## DATA SEGMENT
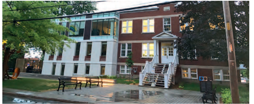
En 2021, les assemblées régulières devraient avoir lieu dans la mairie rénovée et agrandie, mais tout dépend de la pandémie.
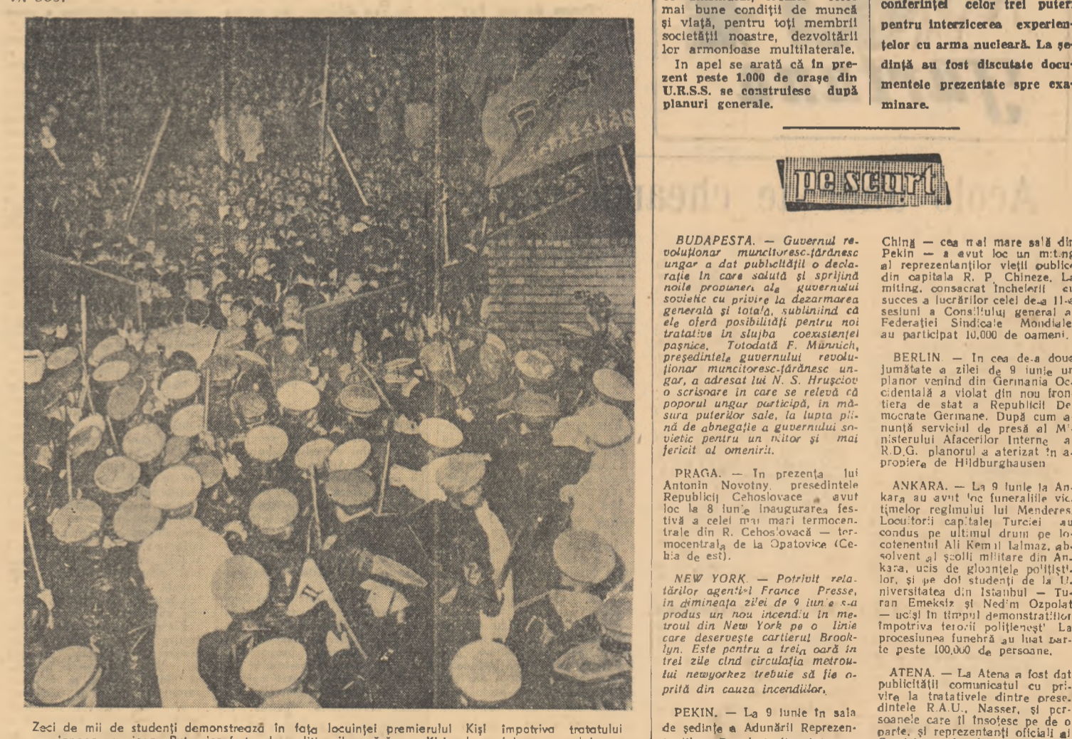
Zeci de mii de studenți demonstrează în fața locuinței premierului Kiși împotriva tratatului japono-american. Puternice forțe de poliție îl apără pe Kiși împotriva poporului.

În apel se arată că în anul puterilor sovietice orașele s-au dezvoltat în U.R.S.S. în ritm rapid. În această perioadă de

## EXERCISE GOAL
Copy all of the material word for word, and include none of its pictures.

## RESPONSE TO THIS EXERCISE
En 2021, les assemblées régulières devraient avoir lieu dans la mairie rénovée et agrandie, mais tout dépend de la pandémie.
Zeci de mii de studenți demonstrează în fața locuinței premierului Kiși împotriva tratatului japono-american. Puternice forțe de poliție îl apără pe Kiși împotriva poporului.

În apel se arată că în anul puterilor sovietice orașele s-au dezvoltat în U.R.S.S. în ritm rapid. În această perioadă de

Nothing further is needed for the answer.